Personally in the last 15 years I have heard no claims from parents that their children have become autistic as a result of MMR. I wonder if the vaccines that were withdrawn might coincide with the rate of decrease of autism being diagnosed in the UK? Two MMR vaccinations were withdrawn from the market in the UK in 1992 due to concerns about their safety.  The Japanese government also withdrew all MMR in the wake of the public alarm in 1993 five years before the Lancet report that caused Andrew Wakefield to be struck of the medical register. According to Wikipedia, the Japanese withdrew the vaccine due to it causing cases of aseptic meningitis, not a connection to the increase of diagnosis of autism in the childhood population in Japan.  Japan did see a rise in autistic diagnosis from 1990 peaking in 1995. If you consider your peak inoculations are in 1990, then your peak diagnosis of any consequential autism will be diagnosed three to five years after the peak inoculations.

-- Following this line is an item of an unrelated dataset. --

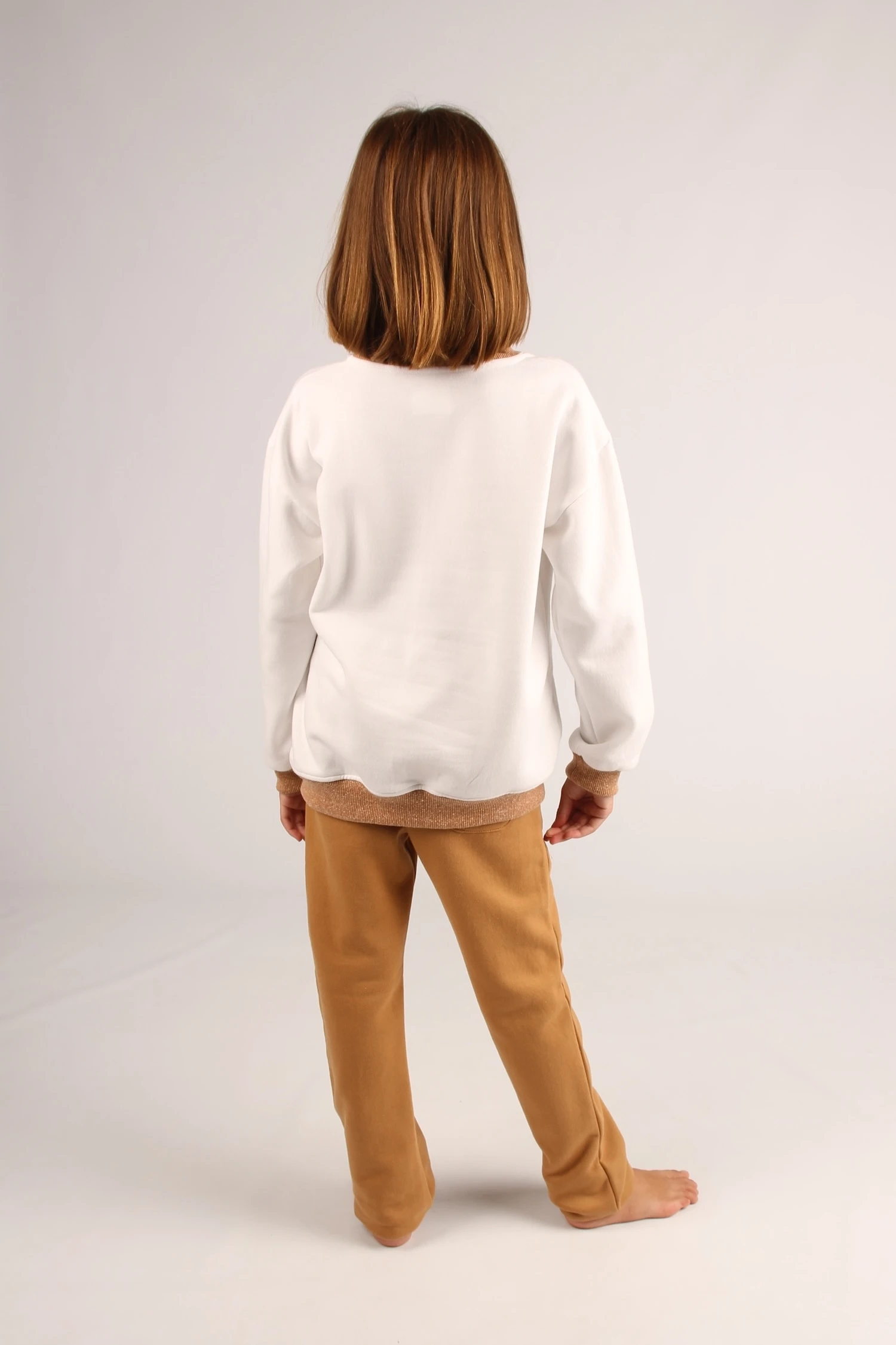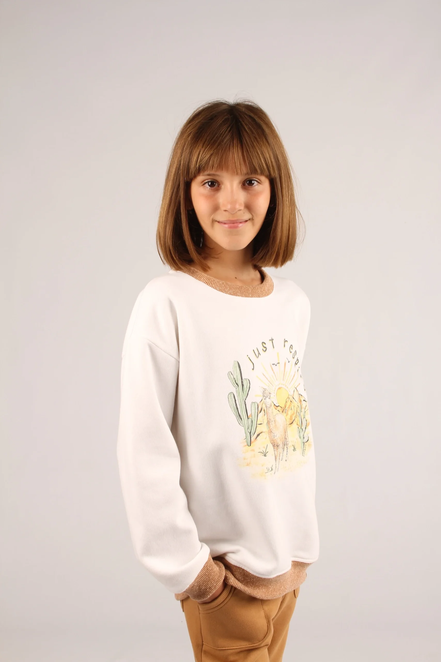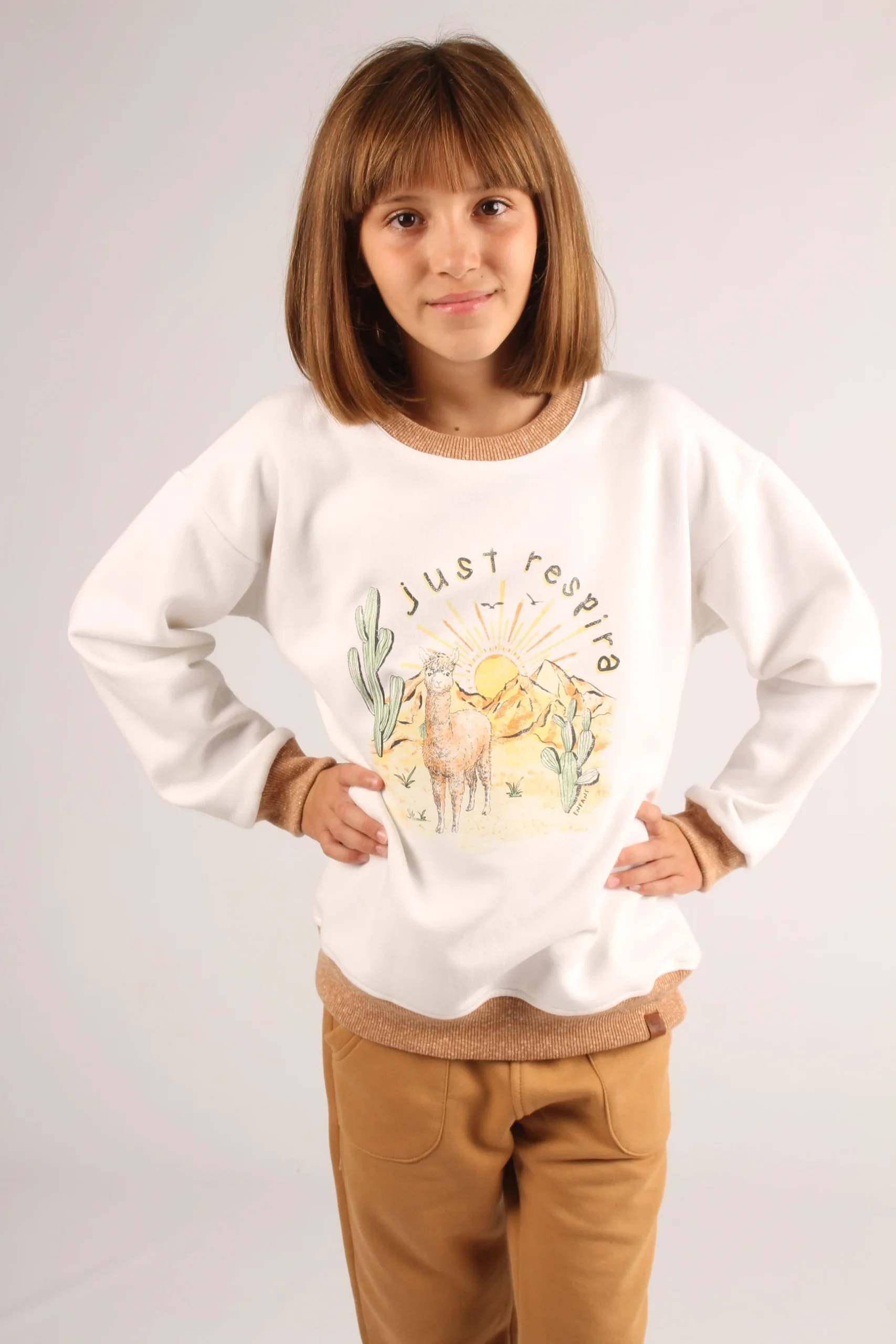 Buzo de algodón frizado con cuello, puños y cintura en ribb a contra tono. Presenta una estampa central exclusiva y cuenta con cuerito Enfans.

Just a coincidence?

We cannot be sure and possibly never know if there has been a cover up or indeed that it may have been public misinterpretation of the facts. I am lead to conclude that MMR is said to be safe but to reduce risk and maximise protection one might consider single vaccinations of measles and rubella (mercury free). These are now available in the UK as a way if managing the minefield of mixed opinions.